3) Lead them to the scary thing (this may take a lot of running back and forth between the person and the scary thing to get the point across).
4) Laud it over the scary thing that it's about to become history.
One night, the younger cats initiated the hunting routine. Turns out a tiny baby bat was clinging to our decorative fireplace. So we sequestered the felines in a bedroom and my husband-to-be rigged a blanket tunnel and lighting system from the front of our apartment out to the open back door. The baby flew away, the cats checked to make sure it was "history," and our little world shifted back into place.
Yesterday's operation promised to be simpler. The bat was already outside. We just needed to encourage it to rest elsewhere.
Of course, I've met with enough of life's challenges to know that nothing is ever simple. At least, I SHOULD have known.
I tried to get the bat to hop onto my broom. (I know: Halloween symbolism everywhere.) Nothing doing. Then I tapped the screen with the broom, hoping to rouse him (or her—I've no idea). I did, but not to budge; only to hiss.
Then my husband joined me. He handled the broom duties while I held the door open. After much nudging and coaxing on our part, and hissing, chattering, buzzing, and clucking on the bat's part, it fell to the ground—on its back. Every time my husband righted it, it did a backward somersault and flopped onto its back, wings spread wide, and its tiny mouth opening and closing like a baby bird waiting for chow. I wanted to cry.

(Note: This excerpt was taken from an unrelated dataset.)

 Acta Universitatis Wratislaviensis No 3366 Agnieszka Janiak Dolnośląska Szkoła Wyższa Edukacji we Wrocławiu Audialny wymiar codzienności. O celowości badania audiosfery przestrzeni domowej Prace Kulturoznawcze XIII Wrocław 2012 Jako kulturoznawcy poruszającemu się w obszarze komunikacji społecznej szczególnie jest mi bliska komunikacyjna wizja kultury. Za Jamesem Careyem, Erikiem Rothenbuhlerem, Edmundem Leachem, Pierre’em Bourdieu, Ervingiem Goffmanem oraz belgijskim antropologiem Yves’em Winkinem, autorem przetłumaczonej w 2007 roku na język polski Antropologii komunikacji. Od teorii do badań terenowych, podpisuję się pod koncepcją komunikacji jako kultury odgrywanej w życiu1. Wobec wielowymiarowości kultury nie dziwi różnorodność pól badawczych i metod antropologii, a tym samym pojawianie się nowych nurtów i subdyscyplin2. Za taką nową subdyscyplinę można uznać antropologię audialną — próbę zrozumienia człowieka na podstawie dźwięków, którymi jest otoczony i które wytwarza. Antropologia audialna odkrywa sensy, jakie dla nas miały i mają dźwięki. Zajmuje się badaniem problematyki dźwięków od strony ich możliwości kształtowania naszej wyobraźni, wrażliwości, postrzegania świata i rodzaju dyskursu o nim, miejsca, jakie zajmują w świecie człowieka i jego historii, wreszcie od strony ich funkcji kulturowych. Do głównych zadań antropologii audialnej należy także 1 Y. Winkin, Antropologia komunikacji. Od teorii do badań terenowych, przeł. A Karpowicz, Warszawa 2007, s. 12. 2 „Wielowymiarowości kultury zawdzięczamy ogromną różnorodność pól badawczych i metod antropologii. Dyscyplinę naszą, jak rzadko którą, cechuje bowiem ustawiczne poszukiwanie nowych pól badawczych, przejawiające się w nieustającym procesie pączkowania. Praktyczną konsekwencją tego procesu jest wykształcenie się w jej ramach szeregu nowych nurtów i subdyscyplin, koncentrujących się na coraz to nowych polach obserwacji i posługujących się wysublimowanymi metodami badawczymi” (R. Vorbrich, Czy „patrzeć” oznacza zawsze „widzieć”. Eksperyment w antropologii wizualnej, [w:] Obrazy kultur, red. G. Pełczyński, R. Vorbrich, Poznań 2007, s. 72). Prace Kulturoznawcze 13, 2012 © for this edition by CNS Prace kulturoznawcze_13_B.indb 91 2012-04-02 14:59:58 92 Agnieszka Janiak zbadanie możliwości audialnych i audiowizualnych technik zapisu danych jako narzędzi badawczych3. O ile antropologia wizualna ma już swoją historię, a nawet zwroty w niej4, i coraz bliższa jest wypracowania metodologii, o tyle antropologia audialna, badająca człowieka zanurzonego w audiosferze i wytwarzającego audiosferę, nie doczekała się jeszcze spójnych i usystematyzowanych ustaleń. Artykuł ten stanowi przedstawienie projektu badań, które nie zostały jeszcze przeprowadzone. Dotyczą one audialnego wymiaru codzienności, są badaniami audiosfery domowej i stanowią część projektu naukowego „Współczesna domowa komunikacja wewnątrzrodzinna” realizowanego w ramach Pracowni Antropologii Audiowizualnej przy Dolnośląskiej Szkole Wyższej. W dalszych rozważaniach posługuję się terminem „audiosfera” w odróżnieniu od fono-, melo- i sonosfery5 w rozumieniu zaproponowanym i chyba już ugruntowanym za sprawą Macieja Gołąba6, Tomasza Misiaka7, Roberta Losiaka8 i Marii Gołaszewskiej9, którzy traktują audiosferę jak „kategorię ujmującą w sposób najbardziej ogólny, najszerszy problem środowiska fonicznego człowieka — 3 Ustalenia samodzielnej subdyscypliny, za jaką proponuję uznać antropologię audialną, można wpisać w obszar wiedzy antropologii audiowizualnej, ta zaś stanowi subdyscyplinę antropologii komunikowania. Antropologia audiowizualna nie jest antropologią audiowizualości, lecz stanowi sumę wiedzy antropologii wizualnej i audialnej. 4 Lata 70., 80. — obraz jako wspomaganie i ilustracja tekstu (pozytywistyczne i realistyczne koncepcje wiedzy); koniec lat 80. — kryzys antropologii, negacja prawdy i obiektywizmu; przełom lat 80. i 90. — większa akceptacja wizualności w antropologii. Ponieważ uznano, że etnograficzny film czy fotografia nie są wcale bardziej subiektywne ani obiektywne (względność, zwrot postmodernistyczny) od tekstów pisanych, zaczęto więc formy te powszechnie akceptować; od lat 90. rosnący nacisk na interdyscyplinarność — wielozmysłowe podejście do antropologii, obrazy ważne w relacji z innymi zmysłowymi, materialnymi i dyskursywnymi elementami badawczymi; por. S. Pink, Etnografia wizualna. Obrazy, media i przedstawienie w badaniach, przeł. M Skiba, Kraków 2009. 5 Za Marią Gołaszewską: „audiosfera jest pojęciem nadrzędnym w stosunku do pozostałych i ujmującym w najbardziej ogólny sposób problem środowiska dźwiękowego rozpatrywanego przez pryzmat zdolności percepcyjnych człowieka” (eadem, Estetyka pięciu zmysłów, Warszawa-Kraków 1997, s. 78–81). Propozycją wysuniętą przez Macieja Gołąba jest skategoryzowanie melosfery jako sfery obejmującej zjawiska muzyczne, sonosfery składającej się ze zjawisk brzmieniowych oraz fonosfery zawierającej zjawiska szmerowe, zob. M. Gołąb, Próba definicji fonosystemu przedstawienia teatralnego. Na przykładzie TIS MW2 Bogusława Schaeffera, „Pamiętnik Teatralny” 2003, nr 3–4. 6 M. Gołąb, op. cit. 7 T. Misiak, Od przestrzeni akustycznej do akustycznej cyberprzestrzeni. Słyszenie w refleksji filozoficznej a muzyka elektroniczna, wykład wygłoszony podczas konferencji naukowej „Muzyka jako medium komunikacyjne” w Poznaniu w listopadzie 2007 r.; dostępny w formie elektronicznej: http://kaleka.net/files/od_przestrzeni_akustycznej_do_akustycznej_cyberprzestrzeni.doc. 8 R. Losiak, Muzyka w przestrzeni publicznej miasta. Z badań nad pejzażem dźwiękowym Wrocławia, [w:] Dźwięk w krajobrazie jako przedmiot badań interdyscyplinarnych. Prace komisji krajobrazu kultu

I went back into our apartment to find a box. My husband slid the bat inside and then we disagreed about where to put it.
Our neighbor asked, "You're going to put it in the Dumpster, aren't you?"
"No," I cried. "I'm not sure where we'll put him, but it most assuredly won't be in the trash."
I wanted to take the bat to the park, but my husband worried that the bat could meet some unknown trauma there. So the box was placed in our gangway, with an opening for the bat to escape once it recovered.
And it did. Happy ending.
Our neighbor is moving out of the building after living here for some 20 years. She bought a house because "living here isn't the same now that Mr. Sandin is gone."
She's right. Our previous landlord lived in the building, too, and made it clear that we were like family to him. A bad heart took him early from the Earth and our sense of community has never recovered.
But it occurred to me this morning that as Mr. Sandin's birthday approaches (Halloween), and as my neighbor prepares to move, perhaps our little winged visitor was Mr. Sandin incarnate—reminding us to keep his memory alive wherever life leads us from here.
It's the story I'm sticking with. But don't worry, Mr. Sandin. As much as I enjoyed yesterday's bat escapade, I don't need a reminder to think about you. You're always in my heart.